If Only We Could Be Surprised That Trump Is Retweeting Epstein Conspiracy Theories
Pizzagate. Wealthy Jewish families controlling the weather. QAnon. Seth Rich’s murder. In our current moment of rampant political paranoia and institutional suspicion, conspiracy theories have become as outrageous as they are easy to debunk. We’ve grown adept at poking holes in these theories, analyzing how and why they spread, and explaining how, in reality, things work the way they do in politics and the economy generally for pretty dumb and quotidian reasons.
But then along comes the suicide of Jeffrey Epstein, a story seemingly plucked from the depths of some internet fever swamp: a millionaire financier jet-setting around the globe with elite friends and the underage girls he’d brought along to abuse for their and his own amusement. He dodged serious consequences for those actions a decade ago, thanks to a sweetheart plea deal, but justice seemed near in July when Epstein was indicted for federal sex crimes. Rich and powerful heads seemed sure to roll. And so when Epstein turned up dead in his cell this week, apparently of suicide—well, let’s just say Occam’s razor didn’t feel quite as sharp a conspiracy-puncturing tool as usual.
It isn’t sufficient to simply scoff off anyone who suggests that foul play could plausibly lurk beneath the surface in such a remarkable event as Epstein’s death. Instead, we must treat the plausibility of foul play—something a reasonable observer, seeing the facts as we know them so far, wouldn’t dismiss out of hand—as a given of the case. We must then focus our attention on who is using that plausibility to seek out the truth, and who is using it to sow confusion and distrust for perverse personal gain.
By way of illustration, consider the reactions to the news of Epstein’s death from three prominent Republicans: Senator Ben Sasse, Attorney General William Barr, and President Donald Trump.
In a statement released the day of Epstein’s death, Barr said he was “appalled” by the news of Epstein’s “apparent suicide” and that “Mr. Epstein’s death raises serious questions that must be answered.” The same day, Sasse’s office released a scathing letter addressed to Barr himself, calling for an exhaustive investigation into how his death could have been allowed to occur. “The Department of Justice failed, and today Jeffrey Epstein’s co-conspirators think they might have gotten one last sweetheart deal,” Sasse wrote. “Given Epstein’s previous attempted suicide, he should have been locked in a padded room under unbroken, 24/7, constant surveillance. Obviously, heads must roll.” Sasse went on to list off a number of questions to which the American people deserved answers, including whether the Department of Justice would investigate “the Bureau of Prison’s mismanagement of the incarceration of Epstein” and “any possible criminal activity surrounding this mismanagement.”

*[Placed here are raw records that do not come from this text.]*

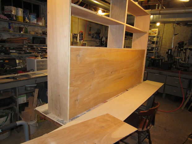 Instale las placas de respaldo. Debe ser empotrados en la parte posterior del gabinete para dejar espacio para los cables de viaje por el "falso" detrás. Pegamento y clavos.
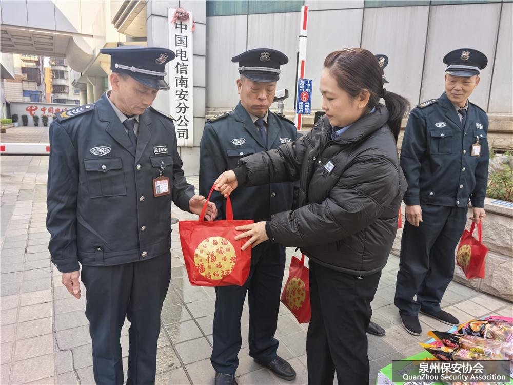 在新春佳节即将来临之际,国安保安工会委员带着满满的关爱与祝福,分别前往泉州、晋江、南安电信保安队,对共计 358 人次的保安员进行了亲切慰问。
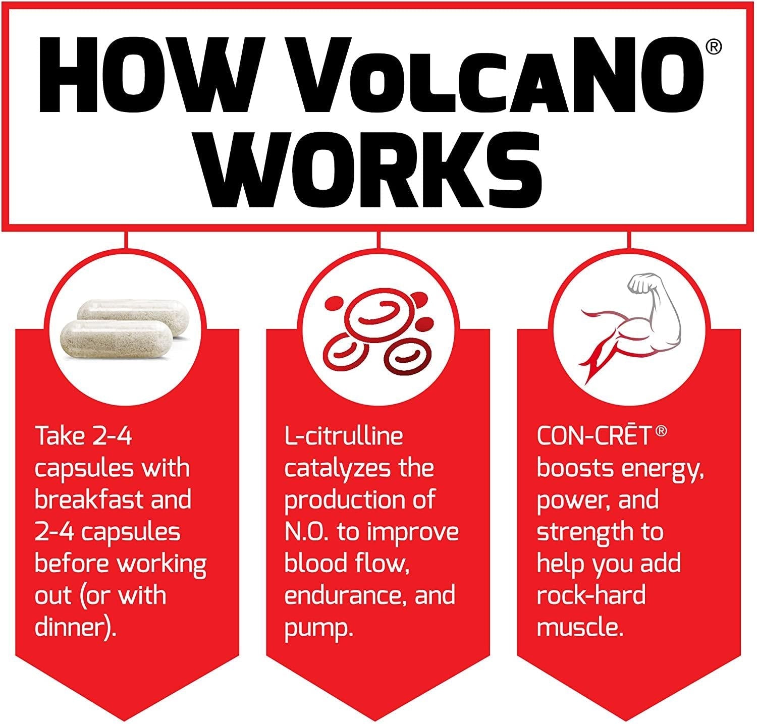 - Build Muscle & Strength: volcano is a nitric oxide booster that delivers more strength, more lean muscle, and more vascularity. It's a fast, efficient way to boost nitric oxide and increase muscle mass through science, not sweat.

Neither Sasse’s nor Barr’s response to the Epstein news is designed to fan the flames of baseless speculation. But they suggest that the two men have reached a similar conclusion about the story: Something about it stinks, and the federal government had better make damn sure it figures out what. Not to do so would be a failure of responsibility not only to Epstein’s victims, but also to the American people, who rely on their government to mete out justice capably, and understandably lose trust in that government when it cannot.
Donald Trump—who, it is worth noting, is president of the United States—took a somewhat different approach. As far as Trump’s concerned, there’s no need for a bunch of furrowed-brow investigations into Epstein’s death: It’s obvious to anyone with a brain that the Clintons had him murdered.
On Sunday, President Trump retweeted a video from far-right Twitter dweller Terrence Williams:
Died of SUICIDE on 24/7 SUICIDE WATCH ? Yeah right! How does that happen#JefferyEpstein had information on Bill Clinton & now he’s dead
I see #TrumpBodyCount trending but we know who did this!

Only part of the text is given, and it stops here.